Among the entries below, only the lines from the one with "云南旅游穿搭民族风波西米亚连衣裙子2025夏季 果香调多巴胺绿色" through the one with "CAM-S雙軸陶瓷粉碎機工作" are wanted, reproduced exactly. Pictures are not wanted.

## Data under study
# # # # #

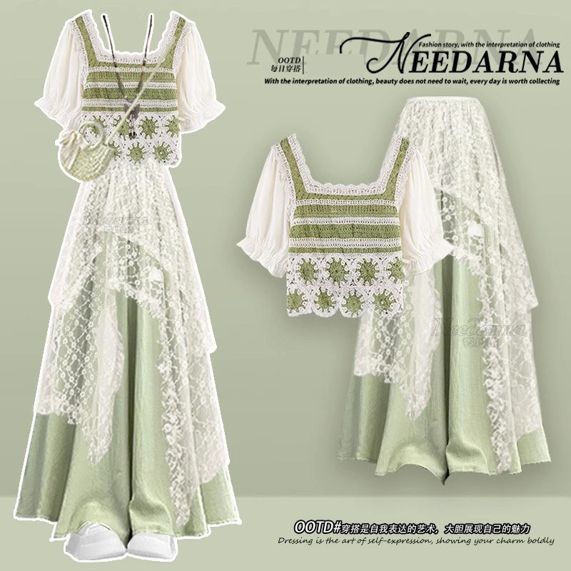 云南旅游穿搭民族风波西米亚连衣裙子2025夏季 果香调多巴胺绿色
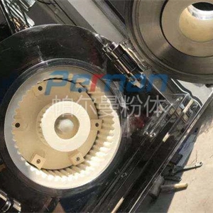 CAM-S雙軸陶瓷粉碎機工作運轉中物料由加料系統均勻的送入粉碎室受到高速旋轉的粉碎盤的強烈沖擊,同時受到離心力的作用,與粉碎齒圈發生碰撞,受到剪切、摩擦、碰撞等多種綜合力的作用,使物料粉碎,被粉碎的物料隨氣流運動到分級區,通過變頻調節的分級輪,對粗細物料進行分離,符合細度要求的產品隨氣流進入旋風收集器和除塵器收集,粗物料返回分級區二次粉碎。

# # # # #

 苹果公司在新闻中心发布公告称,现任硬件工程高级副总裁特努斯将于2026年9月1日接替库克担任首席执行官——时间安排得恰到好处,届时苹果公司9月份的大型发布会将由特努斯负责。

# # # # #

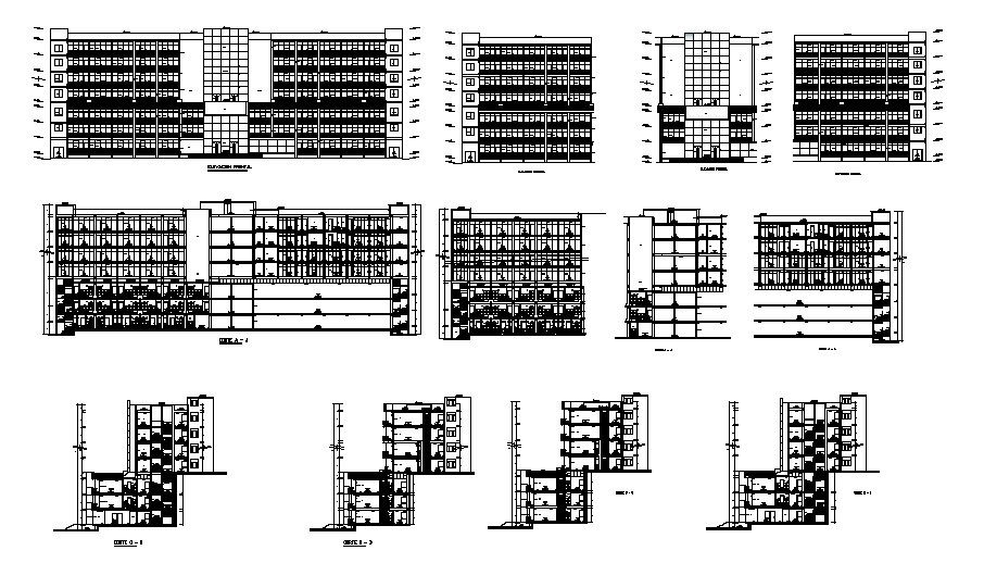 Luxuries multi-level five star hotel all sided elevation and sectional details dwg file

# # # # #

## Problem solution
 云南旅游穿搭民族风波西米亚连衣裙子2025夏季 果香调多巴胺绿色
 CAM-S雙軸陶瓷粉碎機工作運轉中物料由加料系統均勻的送入粉碎室受到高速旋轉的粉碎盤的強烈沖擊,同時受到離心力的作用,與粉碎齒圈發生碰撞,受到剪切、摩擦、碰撞等多種綜合力的作用,使物料粉碎,被粉碎的物料隨氣流運動到分級區,通過變頻調節的分級輪,對粗細物料進行分離,符合細度要求的產品隨氣流進入旋風收集器和除塵器收集,粗物料返回分級區二次粉碎。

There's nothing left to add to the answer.